■ **PROBLEM TO SOLVE**:
Your output should be the lines from the one with "Renovate your bathroom" through the last line of the records below, exactly as written, minus the pictures.

[Saved data entries]
+---+

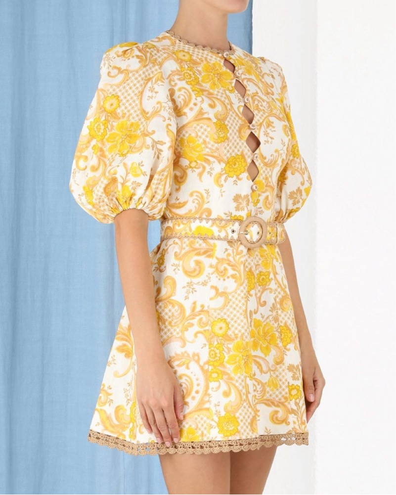 Size small 2/4 - Eye-catching floral Zimmerman mini dress perfect for brunch, vacation, drinks and more. The puff sleeves and cinched waist create a flattering, feminine silhouette.
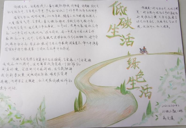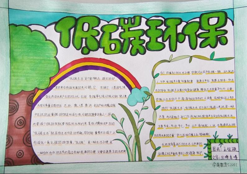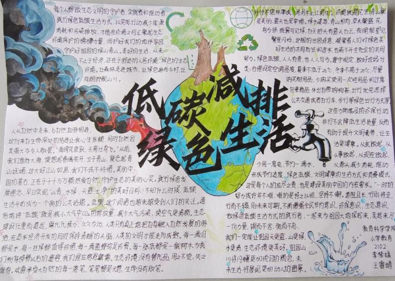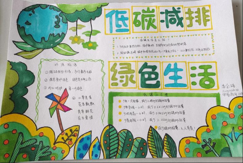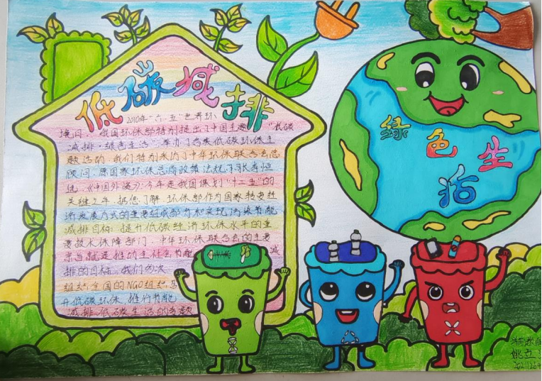 2101学前教育姚立洁荣获本次活动一等奖。她在手抄报中提到我们要积极响应环保部门提出的低碳环保主题“节能减排,绿色低碳“。姚立洁同学手抄报内容丰富,色彩鲜艳,整幅画面都透漏着绿色低碳的环保理念。
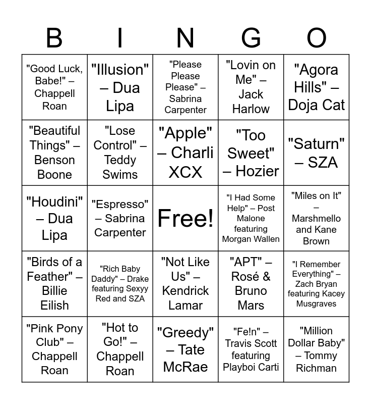 This bingo card has a free space and 30 words: "Hot to Go!" – Chappell Roan, “Cheerleader” – Porter Robinson, "Espresso" – Sabrina Carpenter, "A Bar Song (Tipsy)" – Shaboozey, "Good Luck, Babe!" – Chappell Roan, "Please Please Please" – Sabrina Carpenter, "Lose Control" – Teddy Swims, "Not Like Us" – Kendrick Lamar, "I Had Some Help" – Post Malone featuring Morgan Wallen, "Greedy" – Tate McRae, "Miles on It" – Marshmello and Kane Brown, "Million Dollar Baby" – Tommy Richman, "Fe!n" – Travis Scott featuring Playboi Carti, "I Can Do It with a Broken Heart" – Taylor Swift, "Saturn" – SZA, "Fortnight" – Taylor Swift featuring Post Malone, "APT" – Rosé & Bruno Mars, "Birds of a Feather" – Billie Eilish, "Rich Baby Daddy" – Drake featuring Sexyy Red and SZA, "Agora Hills" – Doja Cat, "Houdini" – Dua Lipa, "Double Life" – Pharrell Williams, "Illusion" – Dua Lipa, "Too Sweet" – Hozier, "Beautiful Things" – Benson Boone, "Lovin on Me" – Jack Harlow, "I Remember Everything" – Zach Bryan featuring Kacey Musgraves, "Pink Pony Club" – Chappell Roan, "Apple" – Charli XCX and "Fast Car" – Luke Comb.
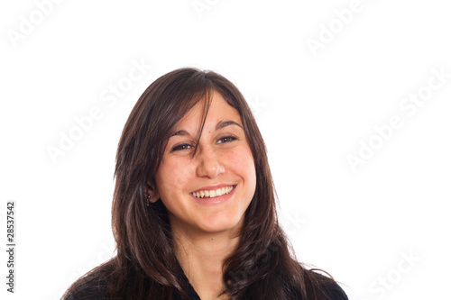 woman, vertical, portrait, human face, people, character, real people, young adult, one person, female, beauty, adult, white, beautiful, caucasian, brown hair, facial expression, casual attire, mug shot, studio shot, long hair, cute, color image, attitude, photo, black hair, femininity, happiness, isolated, front view, smiling, kissing, pensive, laugh
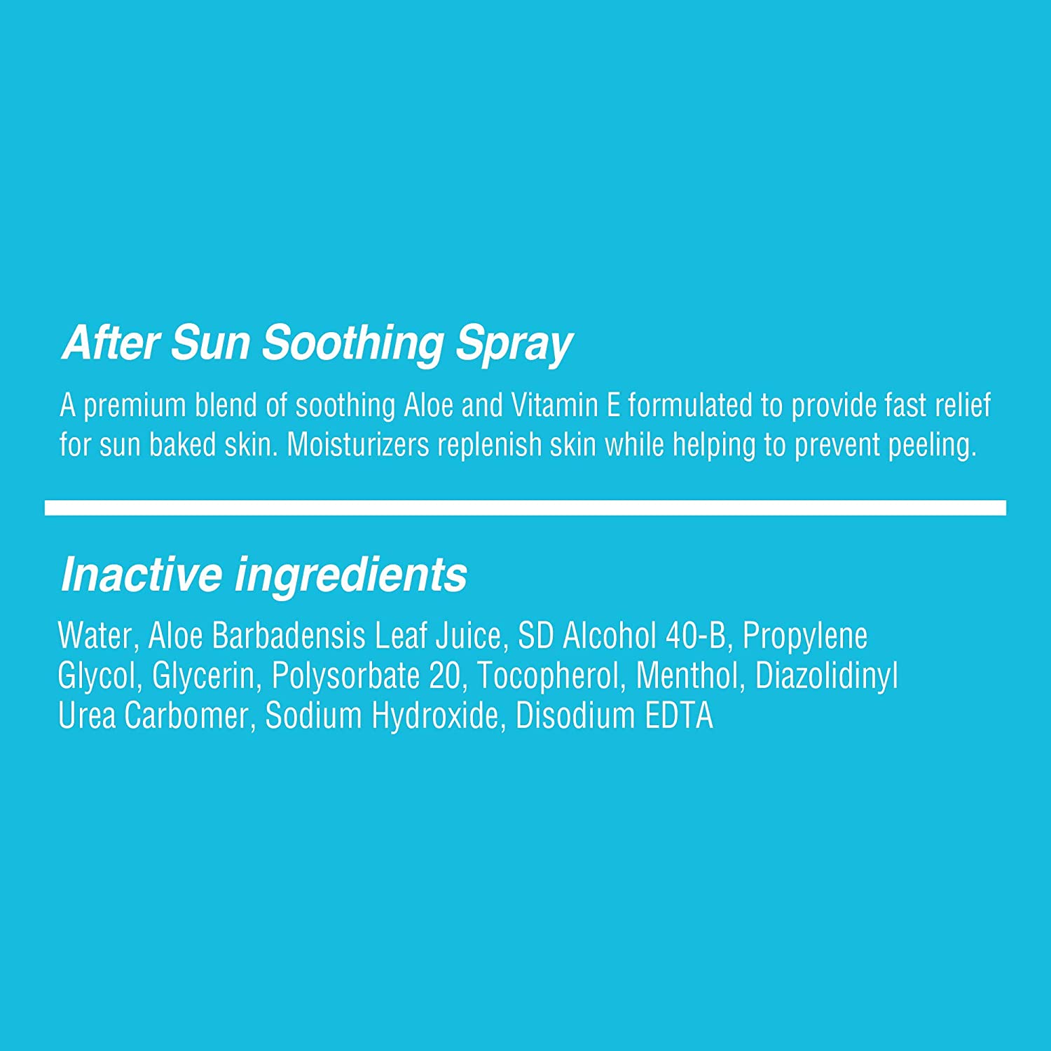 - Aloe Sunburn Relief Great For Skin Repair: Pure Aloe spray moisturizer for body provides you sunburn relief from a day playing in outdoor. Instant Cooling Relief, Non Greasy, Vitamin E Enriched, Gluten & Oil Free, Hypoallergenic & Dermatologist Tested.
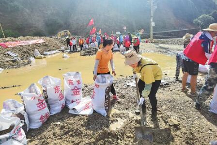 三猛鄉組織黨員群眾防汛。
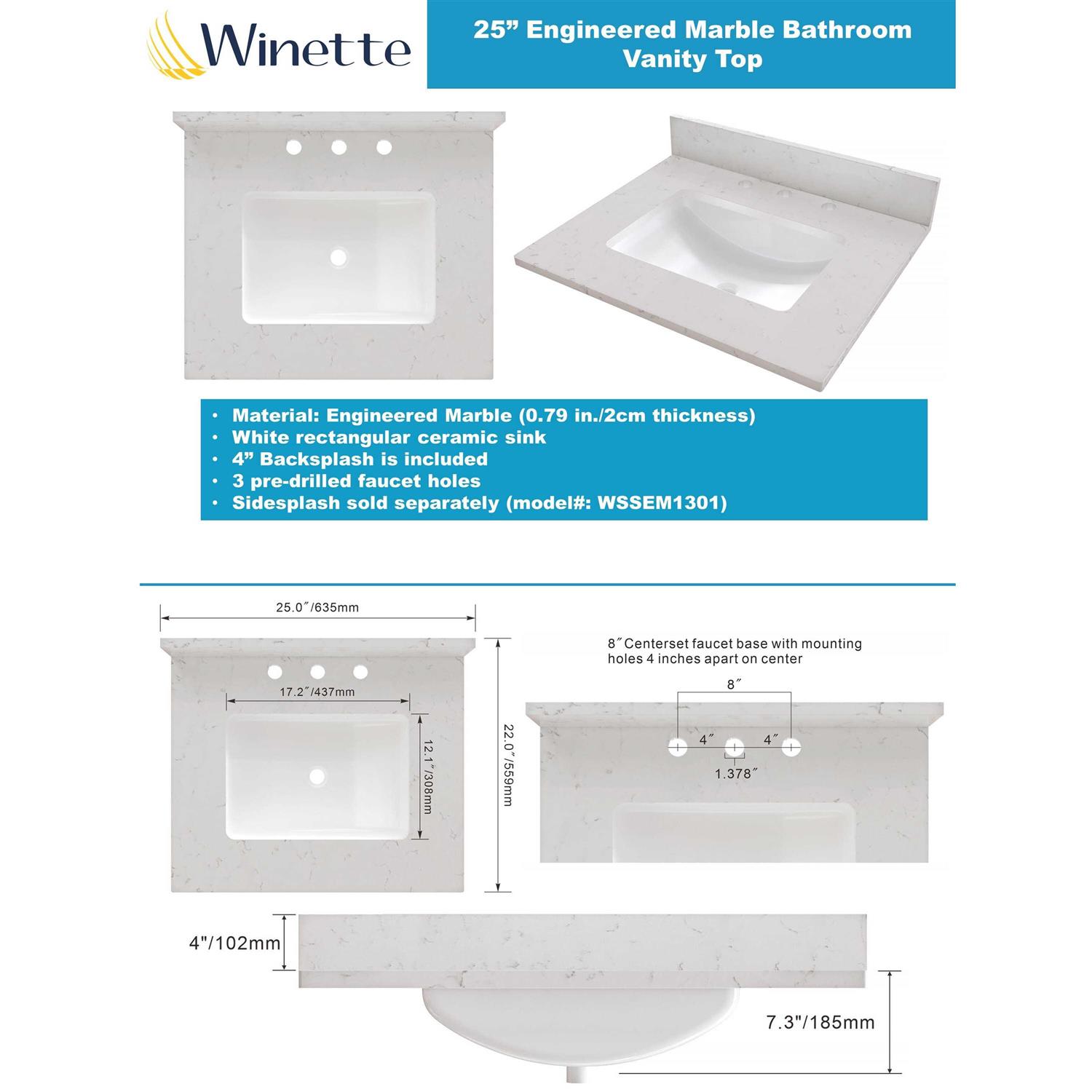 Renovate your bathroom with our elegant bathroom vanity top with attached under-mount vitreous China sink. Ideal for quick and easy installation. This engineered marble top is easy to install and fits directly on top of your vanity cabinet. Included is a 4 in. backsplash to protect your walls from water splashes. Includes pre-drilled faucet holes for easy of facet installation. Stylish look and color to deliver a balance of beauty and purpose for your home.
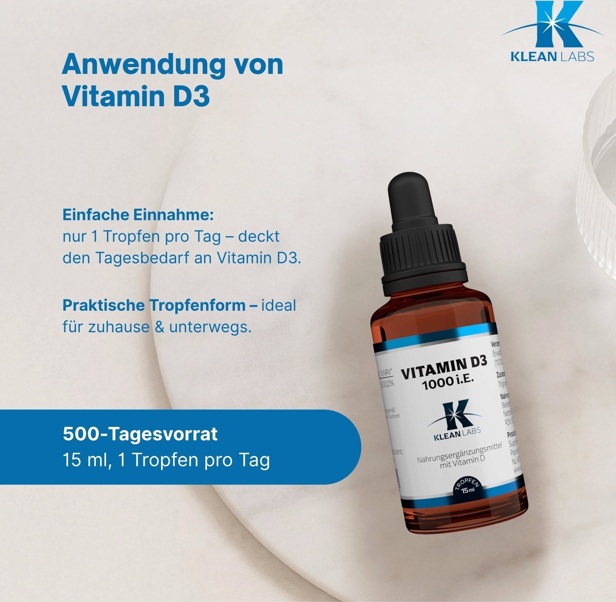 - 1000 IU vitamina D3 na kapljico
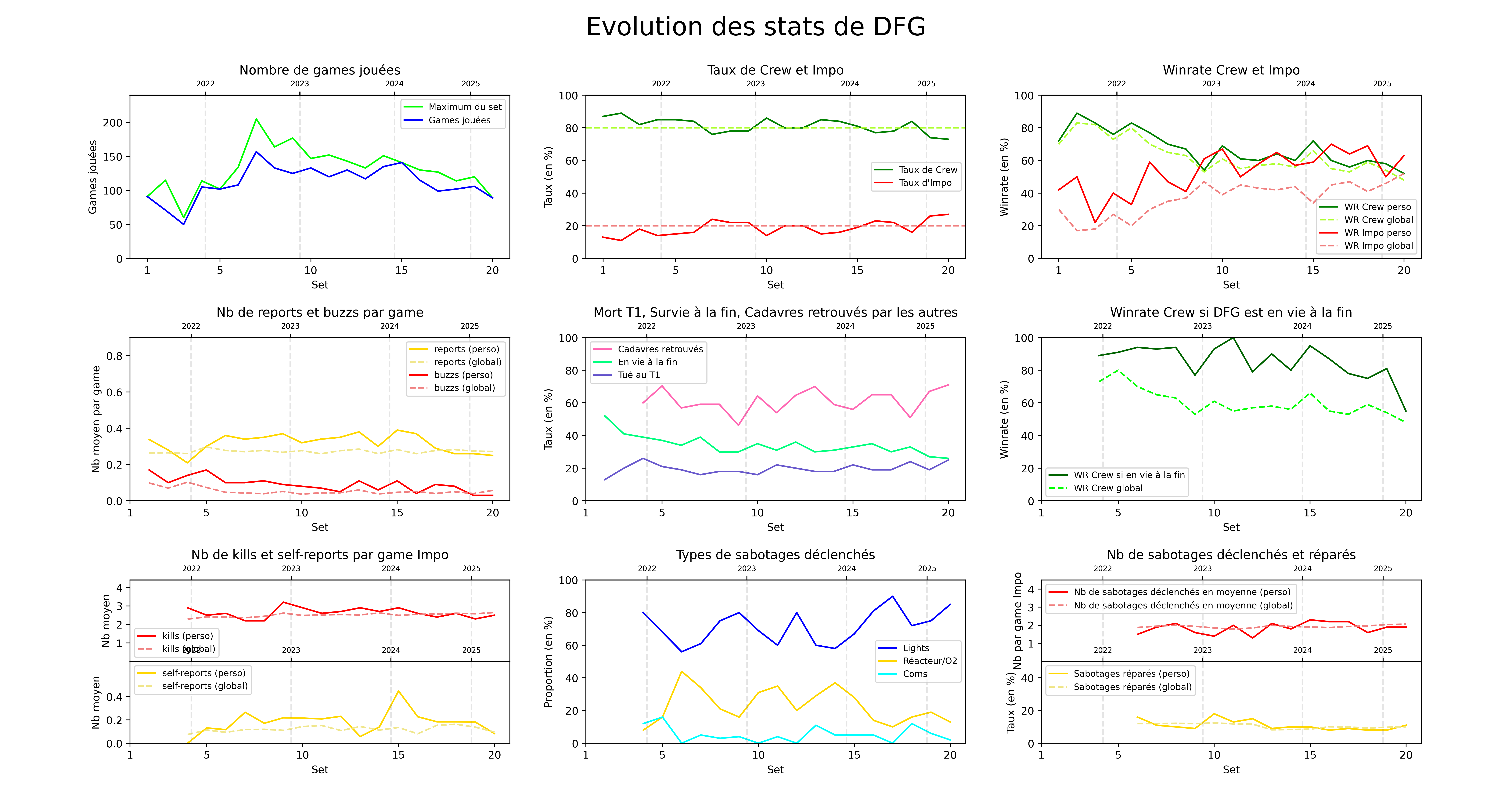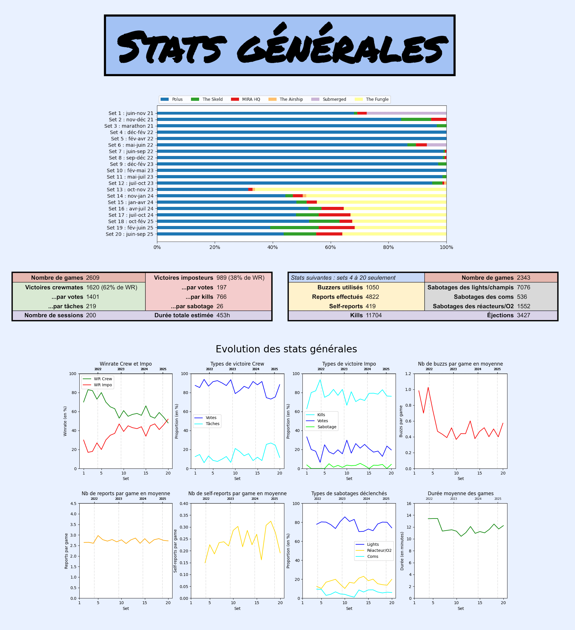 Des statistiques générales sur les sets 1 à 20, y compris les dates, les maps utilisées et plein de chiffres et de graphs.

+---+

■ **ANSWER TO THE EXERCISE**:
 Renovate your bathroom with our elegant bathroom vanity top with attached under-mount vitreous China sink. Ideal for quick and easy installation. This engineered marble top is easy to install and fits directly on top of your vanity cabinet. Included is a 4 in. backsplash to protect your walls from water splashes. Includes pre-drilled faucet holes for easy of facet installation. Stylish look and color to deliver a balance of beauty and purpose for your home.
 - 1000 IU vitamina D3 na kapljico
 Des statistiques générales sur les sets 1 à 20, y compris les dates, les maps utilisées et plein de chiffres et de graphs.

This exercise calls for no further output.